There is a small thread of hope here, but honestly, there is mostly grief, and pain, and loss. It's still too early to party.
Allen Toussaint plays "Tipitina" in a minor key and the angels weep. Davell Crawford does what all of us have been thinking, taking a gospel song about the river and the water and making it a song of sorrow rather than baptism and renewal. The Dirty Dozen's "Feet Don't Fail Me Now" is no longer about dancing, it's about fleeing your home.
Everything about this CD is perfect. I've cried twice listening to it. I'm feeling a little teary right now just talking about it. Even the title. Our New Orleans. Not the media's New Orleans, or the tourists' New Orleans, or the politicians' New Orleans. Our New Orleans. The one we loved, and lost, and will rebuild.
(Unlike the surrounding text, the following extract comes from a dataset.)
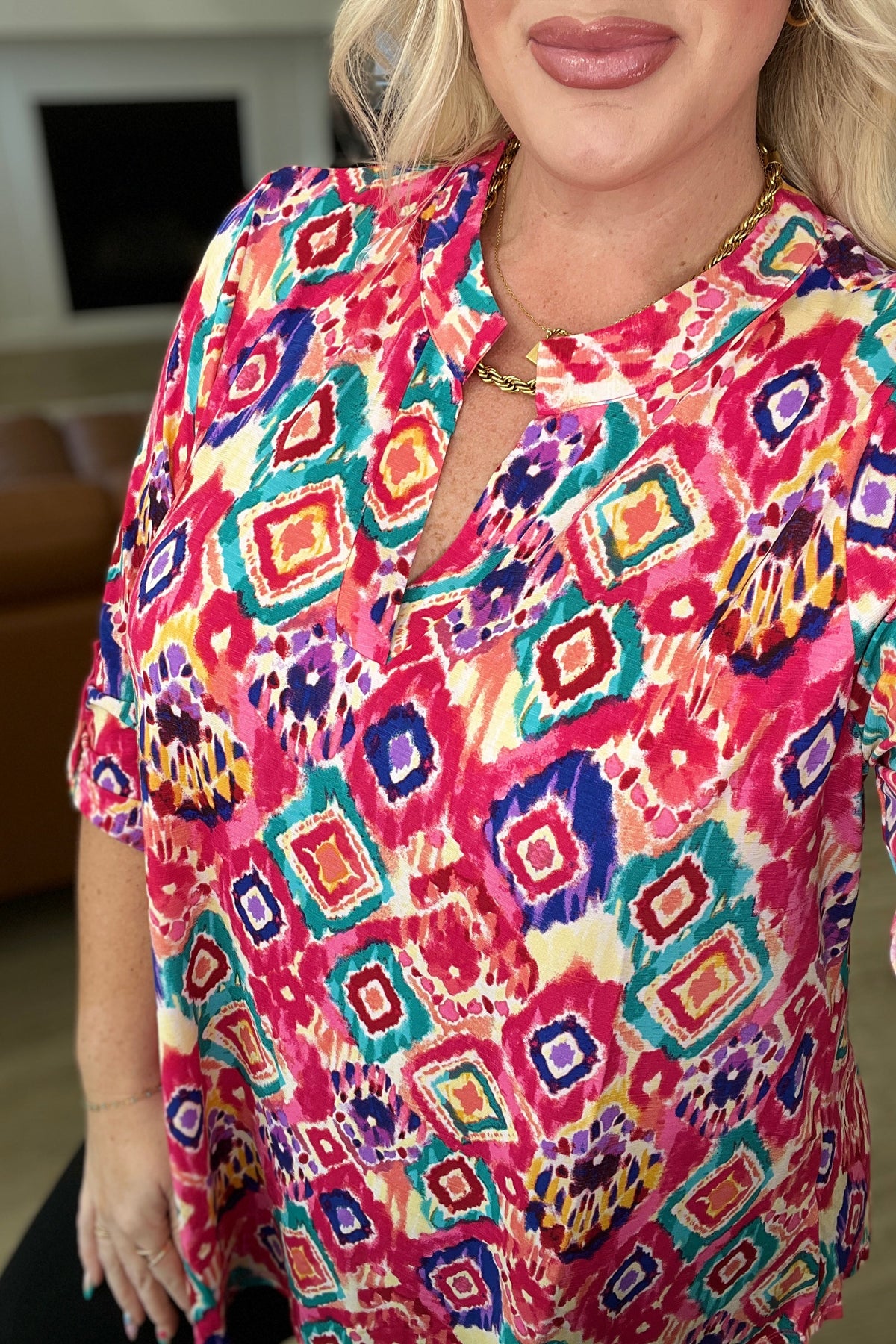 Transform your closet with the Lizzy Top in Hot Pink Ikat. Made from Bulgari, this top features a gabby neckline and button rolled sleeve tabs for a comfortable, yet eye-turning piece. The 3/4 sleeve and scoop hem add flow to the already stylish piece. Experience comfort and style in one with the Lizzy Top.

Posted by ray at December 28, 2005 11:44 PM | Permalink
Categories: [family | katrina | music | new orleans ]
Comments
What wonderful gifts. Music is so incredibly powerful.
Posted by: Cruel-Irony at December 29, 2005 3:38 PM
Ray, I got "Our New Orleans" for Christmas, too. Wrote a little about it on kd5qel blog. Santa also brought a new fountain pen and an iPod shuffle. Waaay cooool. Are you going for Carnival, or for the BFHS alumni party on (I think) Jan. 17?
Robin
Posted by: nolapoet at December 29, 2005 11:08 PM
Ray, thanks for the add on your sidebar!
And congrats on the music collection. The 12 Yats is pure genius. I blogged on Benny Grunch, too. I hope he sells a million cds this year!
And for those who would like to do something to help New Orleans, but just don't know how and don't have thousands of dollars to donate, just buy some New Orleans music like Benny Grunch. Just a few dollars in a musician's pocket could do a world of good.